JC was the only constant, predictable in his vagueness. He was gentle, his sweetness almost protective, like while you were coated in his aura nothing could be wrong. Joey loved to watch JC when he was absorbed in his music and the half-baked ideas that dissipated before they could be expressed.

It wasn't quite so good when JC started watching him back. Joey looked up from his magazine, one night when all the others were out, and JC was looking at him with an intensity that he was rarely capable of. He didn't feel like talking, so he scrunched down, trying to regain the quiet peace he usually felt around JC.

"Joey?"

Reluctantly, he looked up, unnerved. "Yeah?"

"Are you happy?"

Joey thought that only JC could take such a meaningless question and make it real. He didn't know what to say, so he just shrugged. "Yeah. Sure. Who wouldn't be?"

"Yeah. Cause you don't seem to be." JC thought for a minute. "No offense."

"Just a little lonely, maybe."

JC moved closer, sitting on the couch next to him, and Joey suddenly wanted to kiss him, not because he was another conquest. Just because he was JC, sweet and understanding and maybe enough in the way that the others never were.

Joey looked down, not willing to make the same mistake again, and then he felt JC's hand rub across the back of his neck, light and soft. Joey couldn't resist leaning into JC, surprised when arms wound around him and tugged him closer, JC's breath in his ear, "I think you've been lonely for a while."

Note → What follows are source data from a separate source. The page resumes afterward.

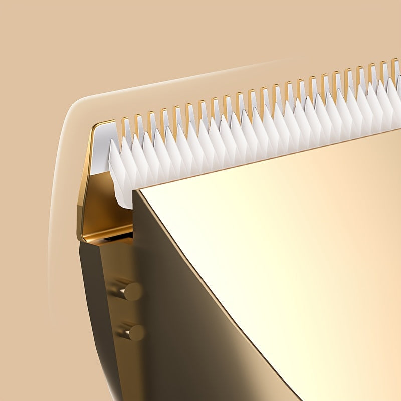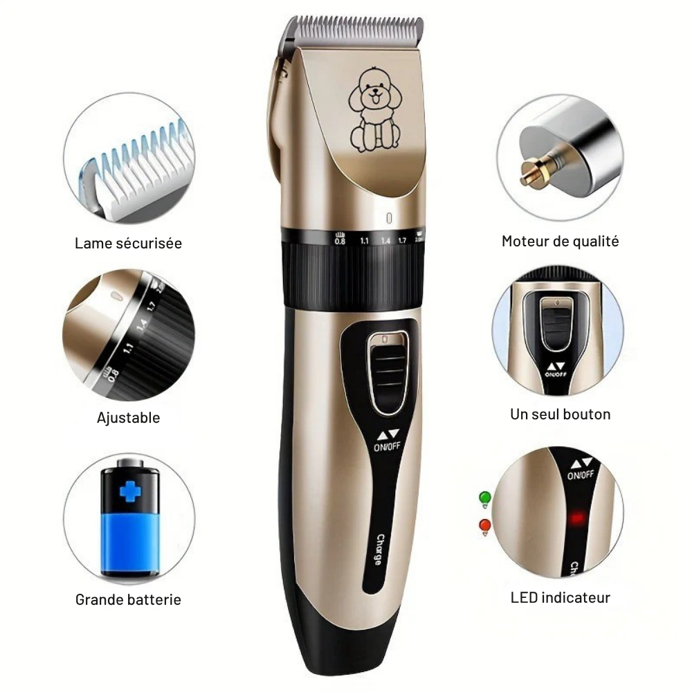 Tondeuse dorée silencieuse pour animaux, réglable 5 vitesses, avec 6 sabots. Idéale pour chiens, chats, lapins. Rechargeable USB, coupe sans stress ni blessures.
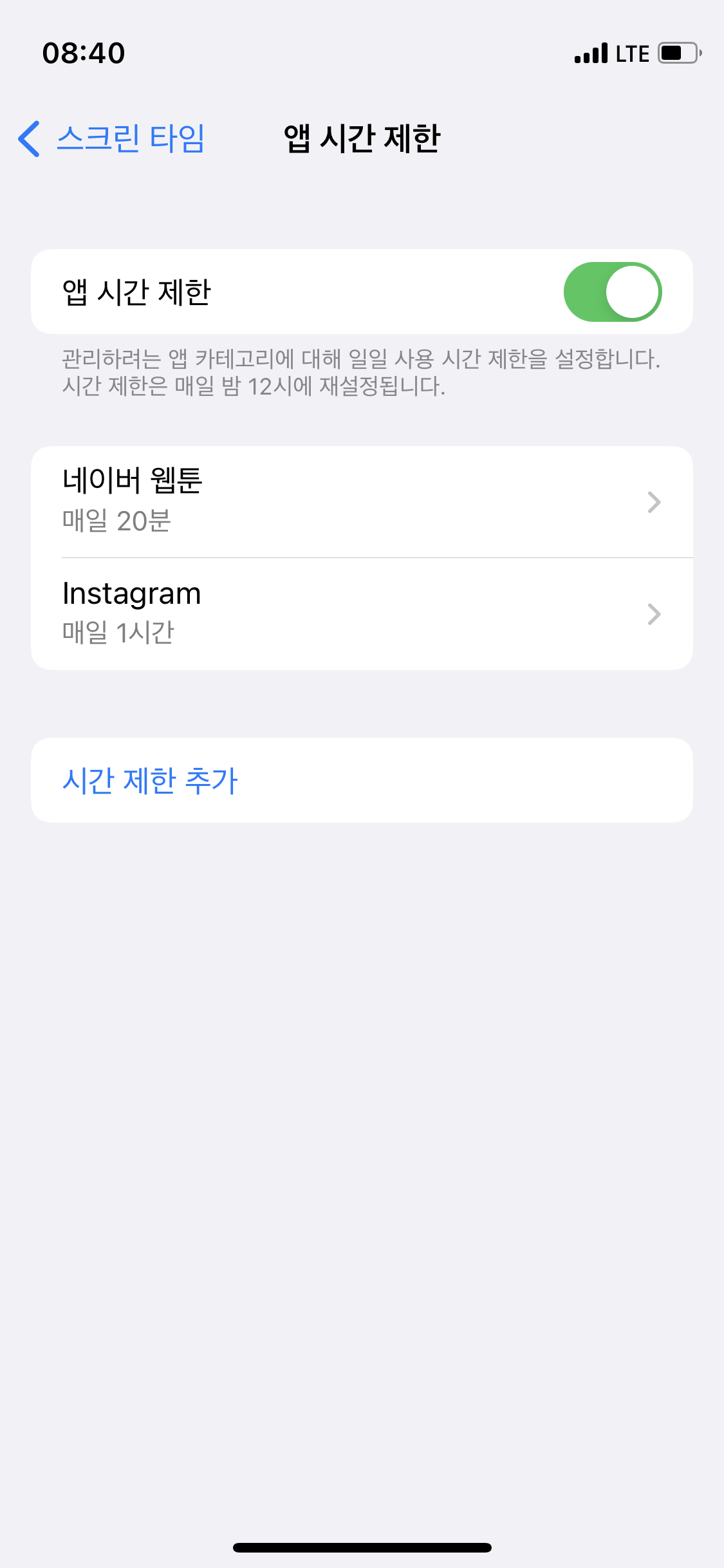 설정 - 스크린 타임 - 앱 시간 제한 - 시간제한 추가
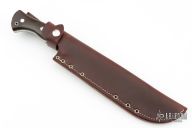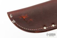 The Bark River Grizzly is a collaboration between Mike Stewart and Peter Kohler of Dark Timber Knives. The Grizzly is the flagship of the Dark Timber line and has been Peter's signature knife. The knife is co-branded with the Bark River logo on the front of the blade and FINAL RUN on the back. Has brown canvas micarta scales with aluminum and mosaic pins. Satin finished blade with fullers and false top edge, .274" blade stock and 1.531" blade depth, full tang construction. Comes with brown leather sheath and original box. Has some scratches, has been resharpened, has a couple of dings in the scales, otherwise good condition.
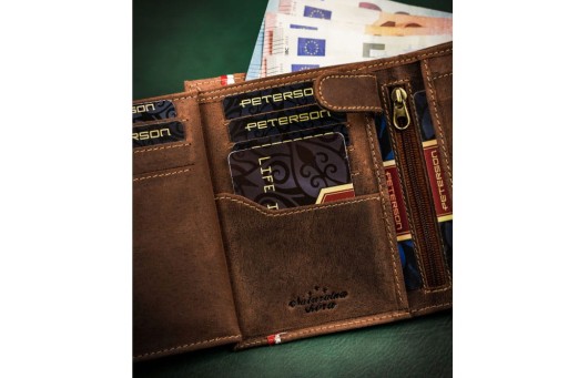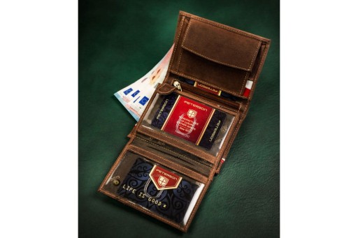 Portfel wyposażony w specjalną podszewkę z RFID BLOCKING SYSTEM (Radio-Frequency IDentification), która zabezpiecza karty zbliżeniowe, dokumenty biometryczne, legitymacje i karty komunikacji miejskiej przed nieautoryzowanym odczytem danych. Technologia uniemożliwia odczyt danych za pomocą specjalnych czytników wykorzystywanych do kradzieży danych.
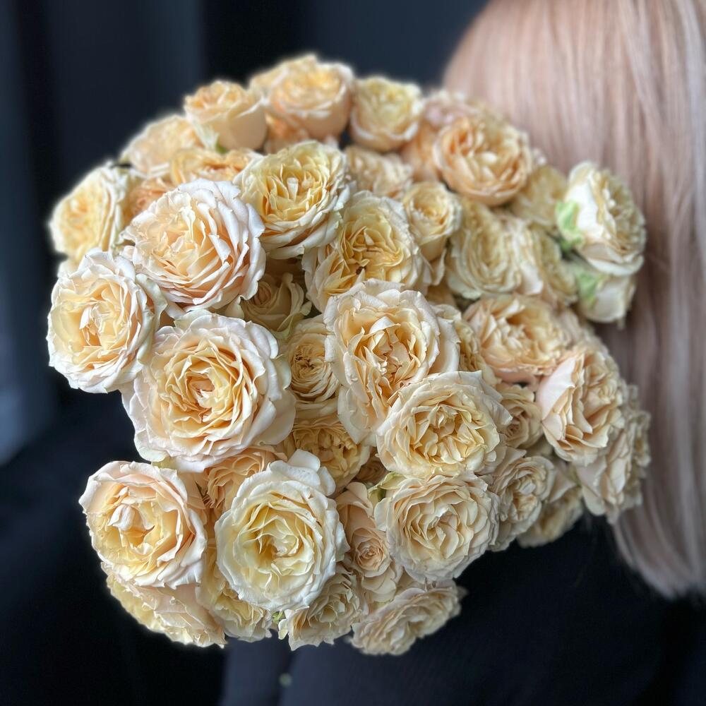 Роза кустовая пионовидная – 15 шт.Лента атласная – 1 шт.
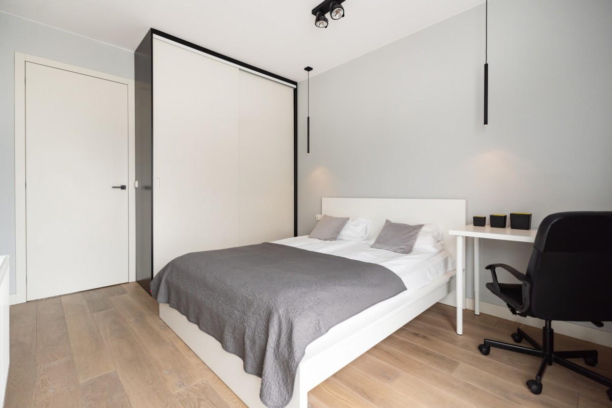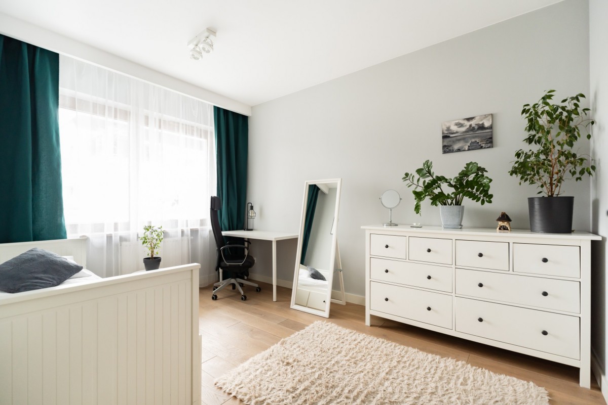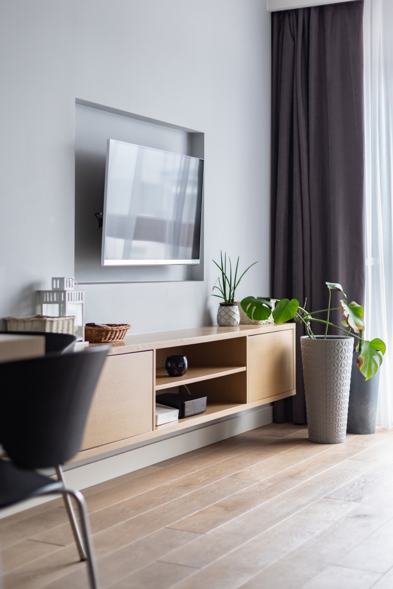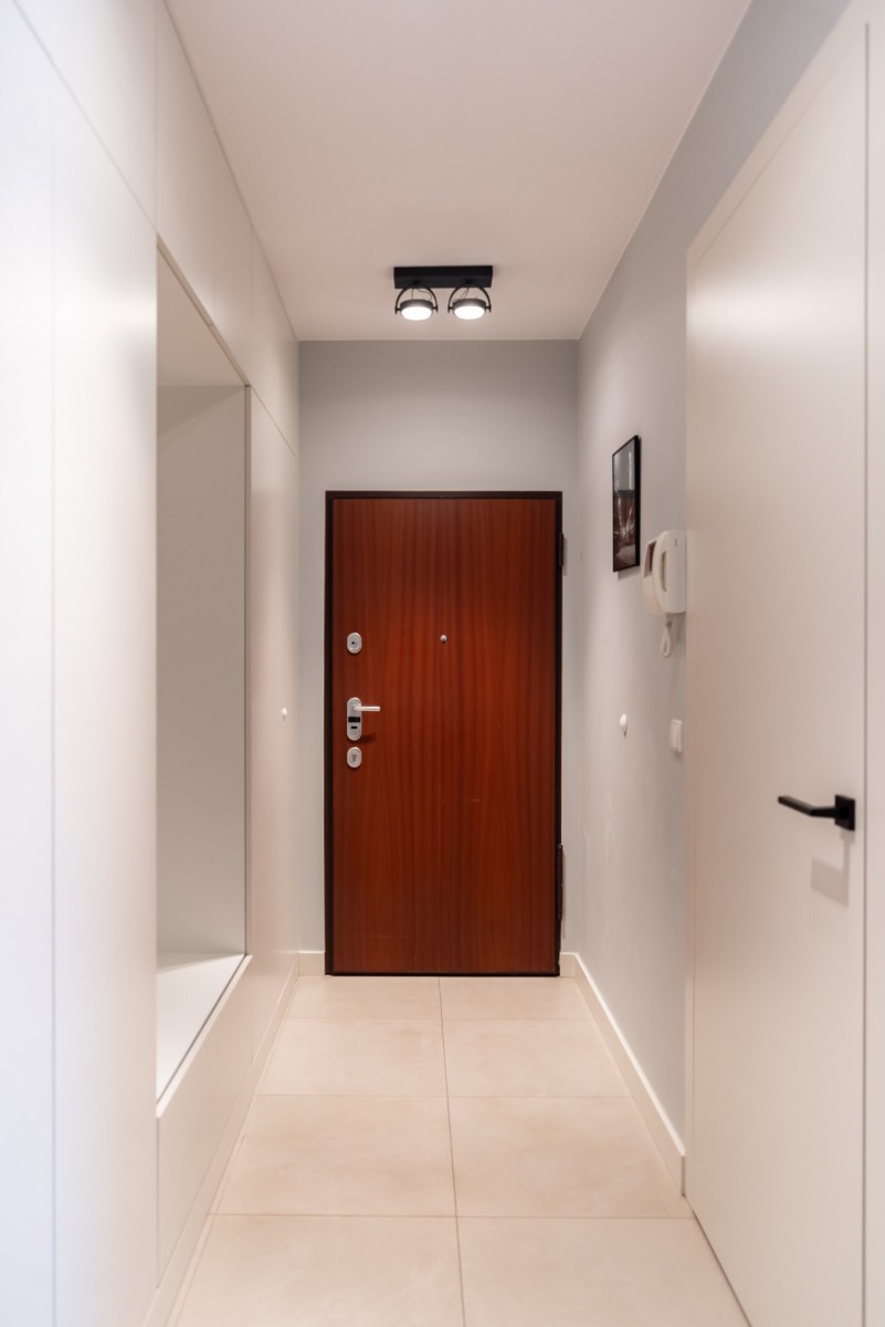 W sypialni głównej, łazience oraz przedpokoju wykonano zabudowy na wymiar, co zapewnia dużą ilość miejsca do przechowywania. W całym mieszkaniu położony jest drewniany parkiet, a w przedpokoju i łazience wysokiej jakości włoski gres. W łazience zastosowano ogrzewanie podłogowe.
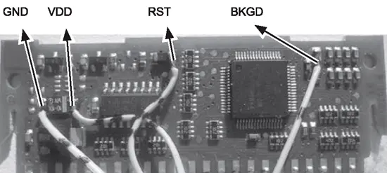 Рис. 8. Точки подключения BDM-программатора к МК MC9S08AW60
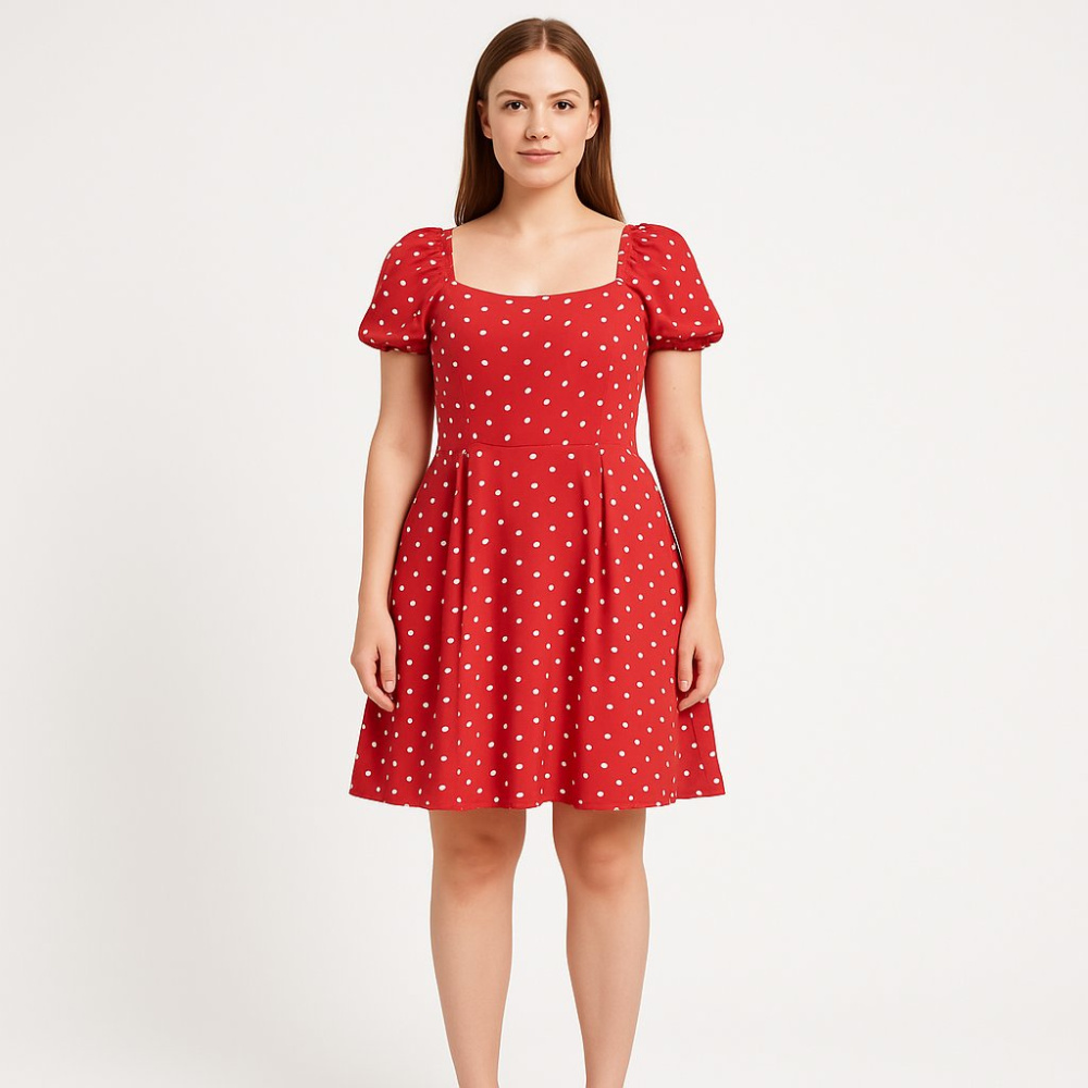 Повседневное платье Shein Curve красного цвета в белый горох, с квадратным вырезом и рукавами-фонариками. Подойдёт для прогулок, отпуска и встреч в тёплую погоду. Лёгкий полиэстер быстро сохнет и почти не мнётся.
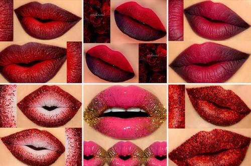 Омбре на губах может быть горизонтальным, вертикальным, только на одной губе, выполненным в самых разных цветовых сочетаниях и текстурах.
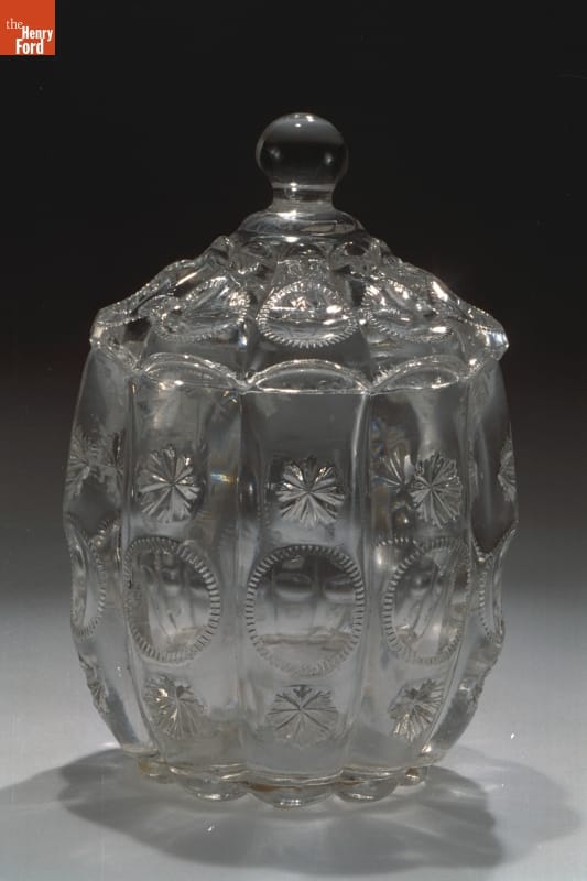 Middle-class Americans in the late 19th century arrayed their dining tables with affordable pressed-glass tableware. These items, usually sold in sets, came in a wide variety of patterns, colors and styles. These decorative pieces -- like this sugar bowl -- communicated a family's status and taste to visitors and guests.
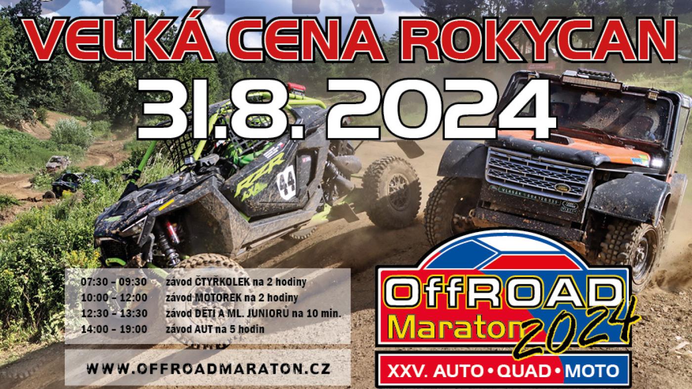 V sobotu 31. srpna ovládnou Rokycanské mokřady jezdci na motorkách, čtyřkolkách a v autech. V rámci pátého dílu vytrvalostního seriálu Offroad maraton se bude závodit o Velkou cenu Rokycan v čele s jezdci ze slavné Rallye Dakar. Diváci budou moci fandit u trati i obdivovat stroje všech závodníků v depu. Rokycanské mokřady se nacházejí za Vojenským muzeem ve Šťáhlavské ulici.
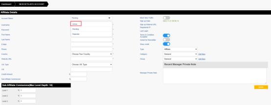 Step3: Help Affiliates to fill in all the information, change status to Active. Click on “Save”
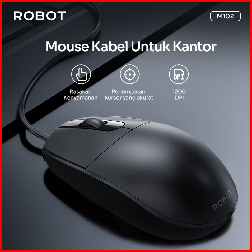 Robot M102 Mouse Kabel Optical Office 1600dpi Akurasi Tinggi Ergonomis Anti Slip Scroll Plug Play Usb Untuk Laptop Kompu
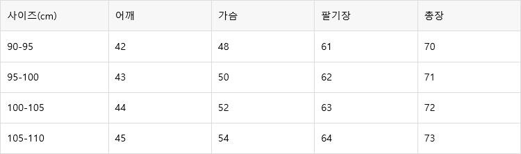예시)본인사이즈100이면 100-105사이즈 구매 권장
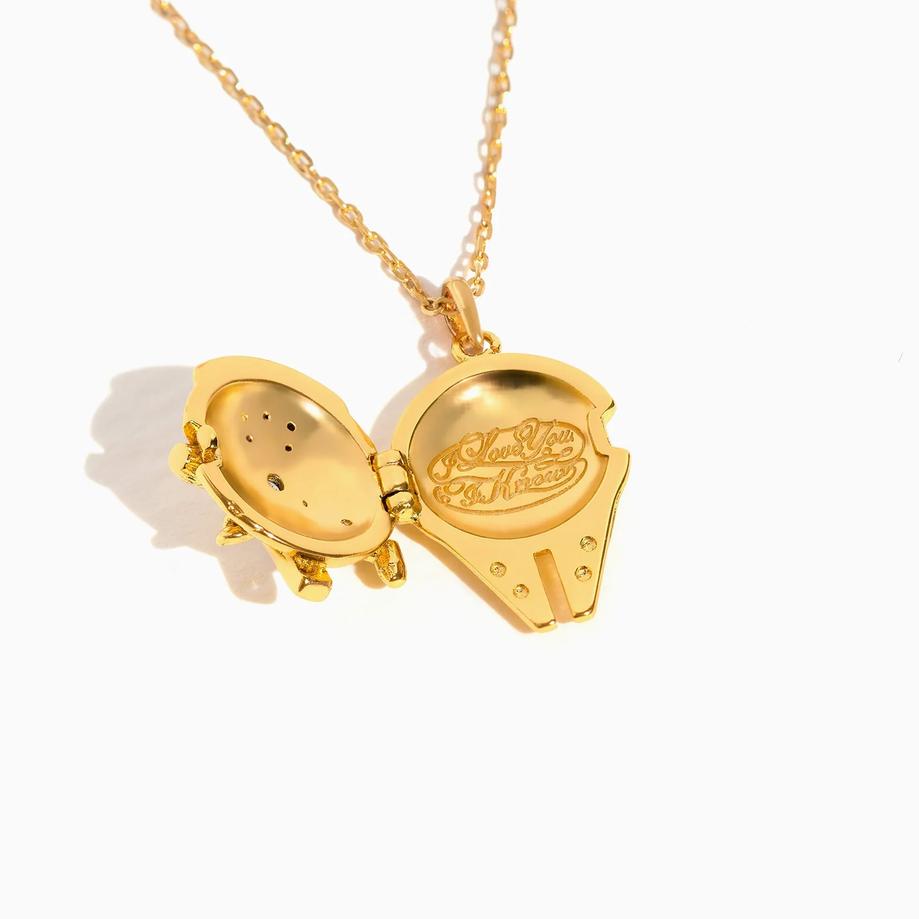 Our Star Wars⢠Millennium Falcon⢠Locket Necklace is a timeless keepsake for the woman who believes in love thatâs as strong as the galaxy itself. Engraved with "I Love You, I Know," this locket is a powerful reminder of the deep bond between Han and Leia. This locket features a delicate chain, perfect for pairing with the menâs version to create a matching set. Available in two versions, itâs the perfect way to carry a piece of your love story and the spirit of the Millennium Falcon⢠wherever you go.
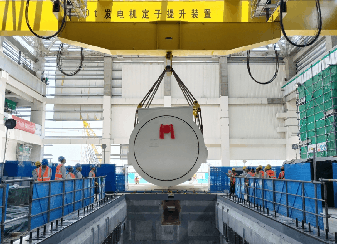 上海核工院推行清单化管理办法,完成了吊装方案优化、磁屏蔽安装、基础埋件处理等大量工作。值得注意的是,定子就位需主厂房行车轨道上安装1台470吨定子液压提升装置,公司践行“向技术要一切”的工作理念,创新性地提出了采用800吨履带吊单机吊装、巧借凝汽器抬吊梁横跨钢屋架、水平旋转箱型梁体就位于轨道的方案,降低安全风险的同时进一步提升了施工工效。
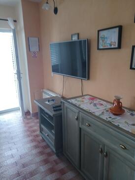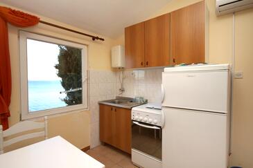 Ferienwohnung bietet Platz für 6 Gäste. Die Betten sind in Schlafzimmern, die es 2 gibt, und in Wohnzimmer, innerhalb einer Gesamtfläche von 58m2, angeordnet. Die Gäste haben eine eigene Terrasse zur Verfügung, auf der sie in warmen Sommernächten genießen können. Das Apartment bietet Meerblick. Es ist erlaubt, Speisen auf dem Gemeinschafts-Grill vorzubereiten.
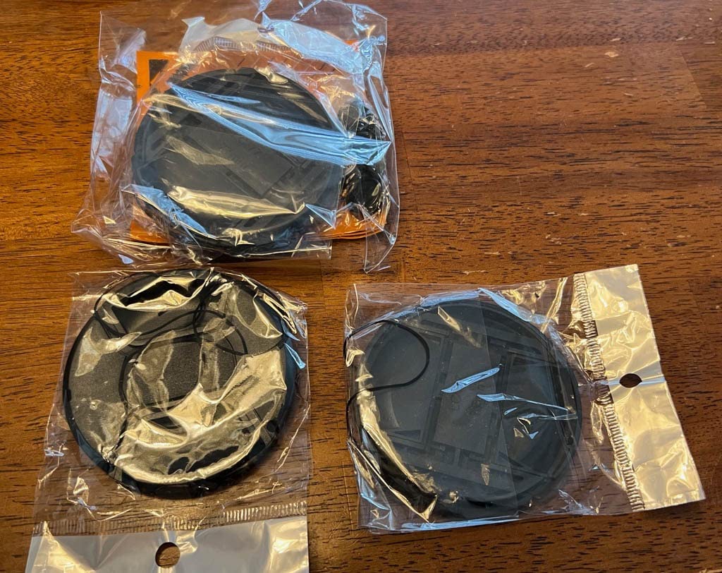 Ordered these as an alternative to my old-style Canon lens caps. I like the pinch-style caps and at with three in the set they only cost a few bucks each which isn't too bad at all, and if you only need one, hey, you've got spares!They fit my 67mm lenses and stay on about as well as the Canon pinch caps do, which is to say they come off easily if you so much as bump the pinchy sides. Also like the Canon caps they're a bit 'orientation sensitive' in that certain orientations don't grip the filter thread as well as others and come off just a bit easier.The caps come with three packaged microfiber cleaning cloths, three sets of lens cap keepers, and three long pieces of stretchy string. I haven't lost a lens cap yet but given how easily the pinch caps come off the lens cap keepers might be a really good idea!As far as the string, well, who knows. Maybe someone will figure it out.

Joey thought that JC's words should have sounded like a very bad pick up line, but instead he just sounded earnest and sincere. There was electricity crackling when JC's hand smoothed down his back, the kind that Joey should have used without hesitation, but it wasn't right so he pulled back.

"Yeah. But I think maybe I need to be." It sounded too serious, and Joey wished that he could take it back, crack a joke, but JC was nodding.

"I can wait." And this time, when JC hugged Joey it felt right.